### INSTRUCTIONS FOR THE TASK
Drop the pictures and repeat the remaining data exactly.

(PROVIDED DATA begins)

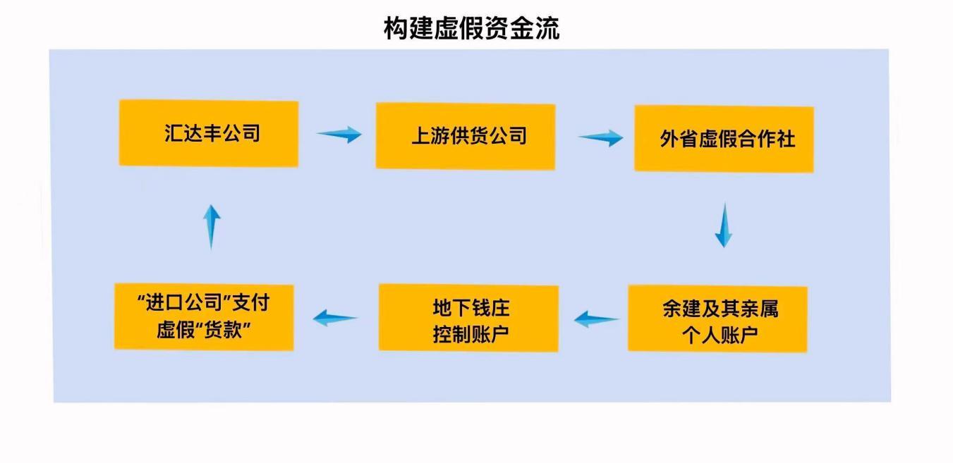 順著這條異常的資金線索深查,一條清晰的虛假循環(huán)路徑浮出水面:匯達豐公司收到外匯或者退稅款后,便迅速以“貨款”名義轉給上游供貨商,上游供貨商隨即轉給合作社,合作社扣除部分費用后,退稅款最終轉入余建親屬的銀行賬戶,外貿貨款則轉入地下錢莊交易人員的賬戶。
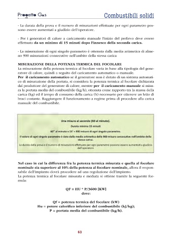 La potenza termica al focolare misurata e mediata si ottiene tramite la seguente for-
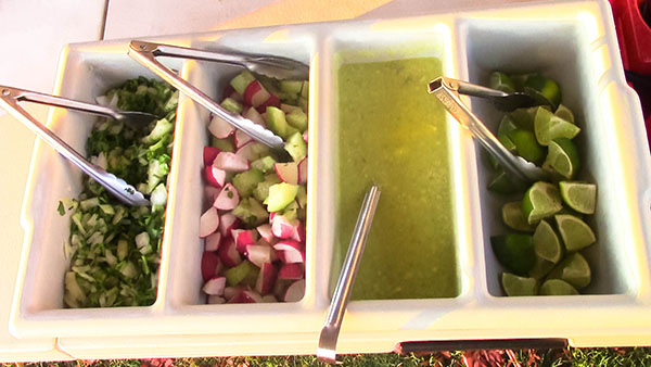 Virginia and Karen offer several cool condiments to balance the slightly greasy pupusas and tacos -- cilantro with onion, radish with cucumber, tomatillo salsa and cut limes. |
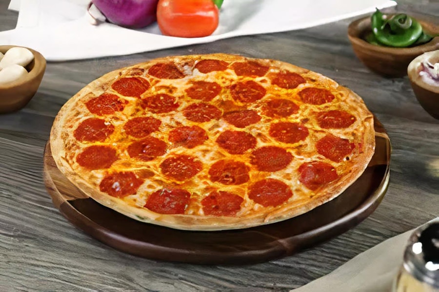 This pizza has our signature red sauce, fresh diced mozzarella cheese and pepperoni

(PROVIDED DATA ends)

### RESPONSE BELOW
 順著這條異常的資金線索深查,一條清晰的虛假循環(huán)路徑浮出水面:匯達豐公司收到外匯或者退稅款后,便迅速以“貨款”名義轉給上游供貨商,上游供貨商隨即轉給合作社,合作社扣除部分費用后,退稅款最終轉入余建親屬的銀行賬戶,外貿貨款則轉入地下錢莊交易人員的賬戶。
 La potenza termica al focolare misurata e mediata si ottiene tramite la seguente for-
 Virginia and Karen offer several cool condiments to balance the slightly greasy pupusas and tacos -- cilantro with onion, radish with cucumber, tomatillo salsa and cut limes. |
 This pizza has our signature red sauce, fresh diced mozzarella cheese and pepperoni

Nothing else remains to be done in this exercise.